Start of Given information

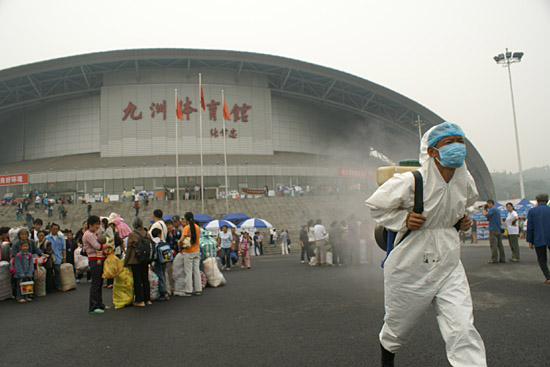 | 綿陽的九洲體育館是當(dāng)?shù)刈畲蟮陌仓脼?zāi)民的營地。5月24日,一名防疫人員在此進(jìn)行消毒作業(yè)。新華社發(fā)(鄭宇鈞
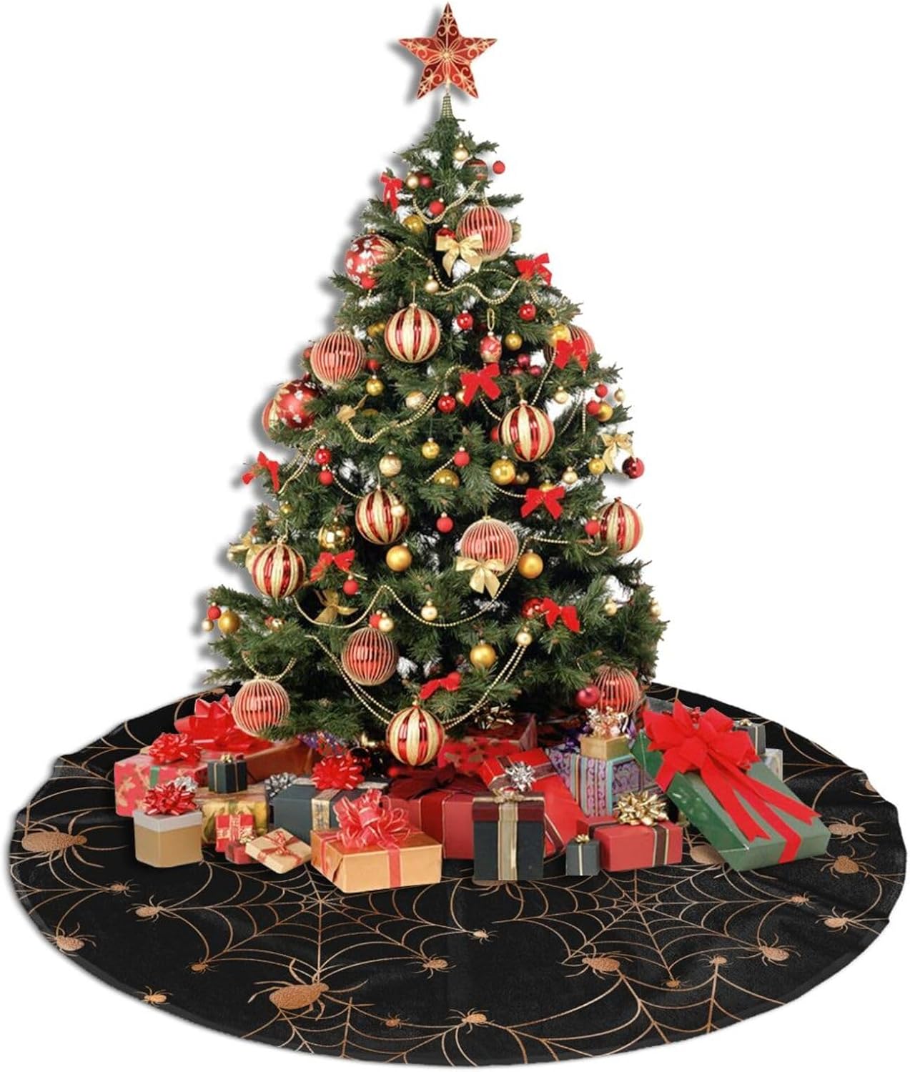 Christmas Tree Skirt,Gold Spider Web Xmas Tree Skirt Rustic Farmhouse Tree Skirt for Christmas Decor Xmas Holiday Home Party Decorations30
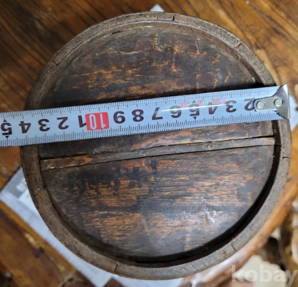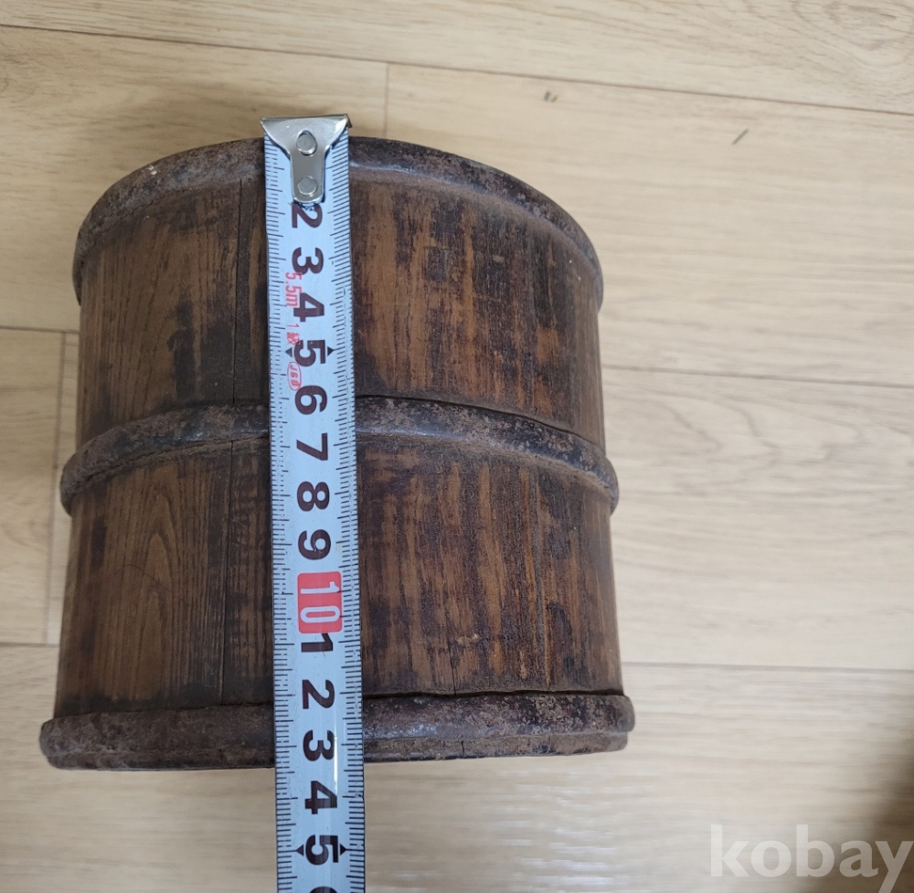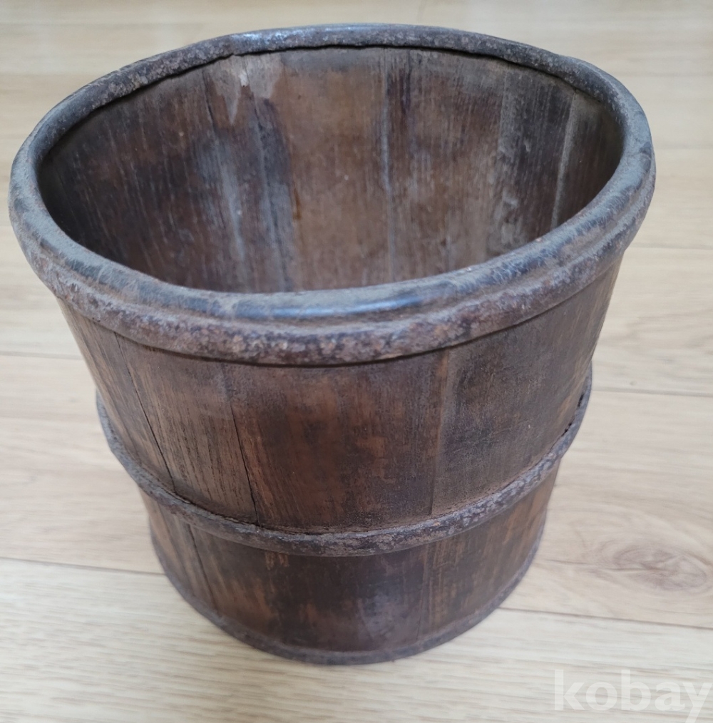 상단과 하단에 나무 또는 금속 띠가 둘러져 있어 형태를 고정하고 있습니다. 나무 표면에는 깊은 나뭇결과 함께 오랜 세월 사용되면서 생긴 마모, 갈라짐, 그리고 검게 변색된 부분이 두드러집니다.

End of Given information
Start of Given information

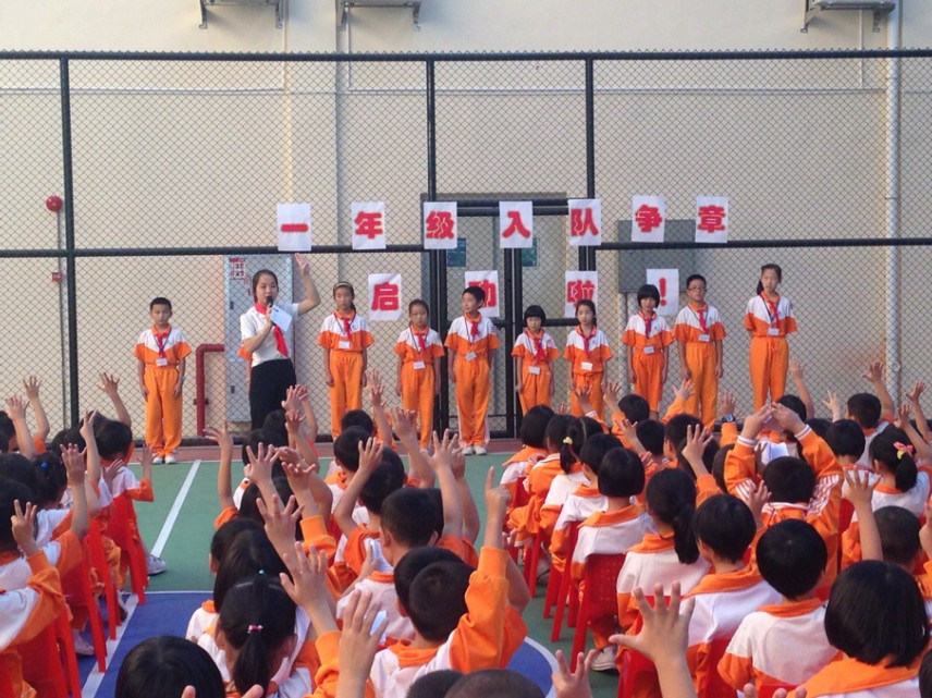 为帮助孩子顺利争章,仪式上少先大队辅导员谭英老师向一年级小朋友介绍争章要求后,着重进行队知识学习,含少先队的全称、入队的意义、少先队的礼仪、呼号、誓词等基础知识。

End of Given information
Start of Given information

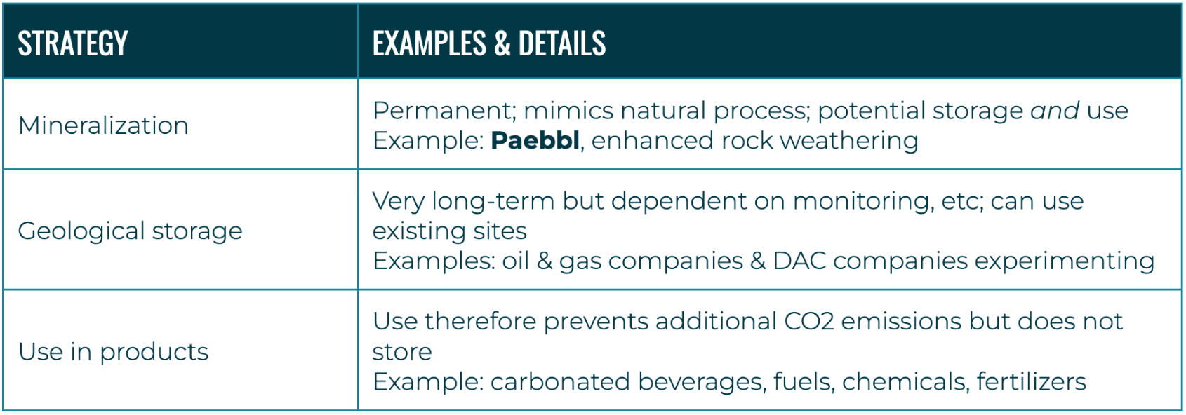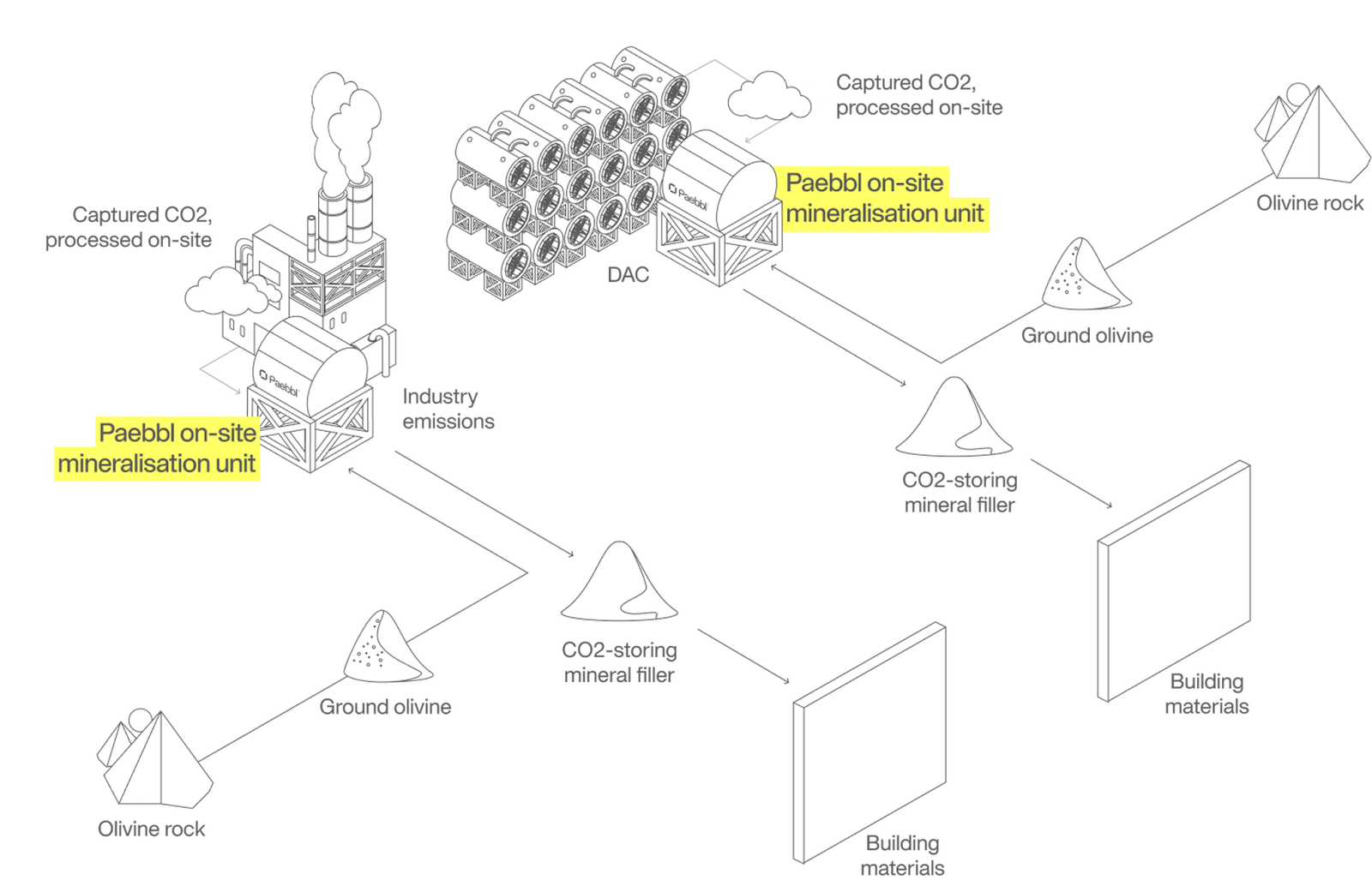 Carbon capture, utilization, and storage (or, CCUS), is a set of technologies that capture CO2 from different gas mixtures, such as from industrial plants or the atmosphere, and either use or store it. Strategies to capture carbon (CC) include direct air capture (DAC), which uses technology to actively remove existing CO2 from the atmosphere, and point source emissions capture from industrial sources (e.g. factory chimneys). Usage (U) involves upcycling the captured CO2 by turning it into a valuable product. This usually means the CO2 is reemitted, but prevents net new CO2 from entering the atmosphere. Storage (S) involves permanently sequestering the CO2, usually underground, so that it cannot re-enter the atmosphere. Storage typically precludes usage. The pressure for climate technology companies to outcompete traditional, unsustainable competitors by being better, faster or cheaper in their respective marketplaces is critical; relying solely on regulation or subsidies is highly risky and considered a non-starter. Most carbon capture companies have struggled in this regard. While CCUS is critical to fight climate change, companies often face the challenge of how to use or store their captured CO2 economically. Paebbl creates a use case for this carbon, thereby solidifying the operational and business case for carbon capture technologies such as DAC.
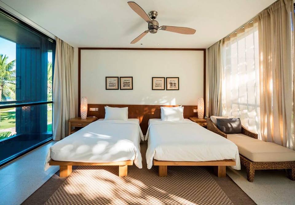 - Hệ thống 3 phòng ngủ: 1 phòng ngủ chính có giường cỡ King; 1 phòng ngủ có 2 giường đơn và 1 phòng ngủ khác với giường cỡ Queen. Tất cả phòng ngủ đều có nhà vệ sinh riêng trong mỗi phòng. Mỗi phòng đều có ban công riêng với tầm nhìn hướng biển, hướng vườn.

End of Given information

• **Your goal**: In the data above, find the line containing "Christmas Tree Skirt,Gold" and the line containing "상단과 하단에 나무 또는". Repeat those two lines and everything between them exactly, minus the pictures.

• **Answer space**:
 Christmas Tree Skirt,Gold Spider Web Xmas Tree Skirt Rustic Farmhouse Tree Skirt for Christmas Decor Xmas Holiday Home Party Decorations30
 상단과 하단에 나무 또는 금속 띠가 둘러져 있어 형태를 고정하고 있습니다. 나무 표면에는 깊은 나뭇결과 함께 오랜 세월 사용되면서 생긴 마모, 갈라짐, 그리고 검게 변색된 부분이 두드러집니다.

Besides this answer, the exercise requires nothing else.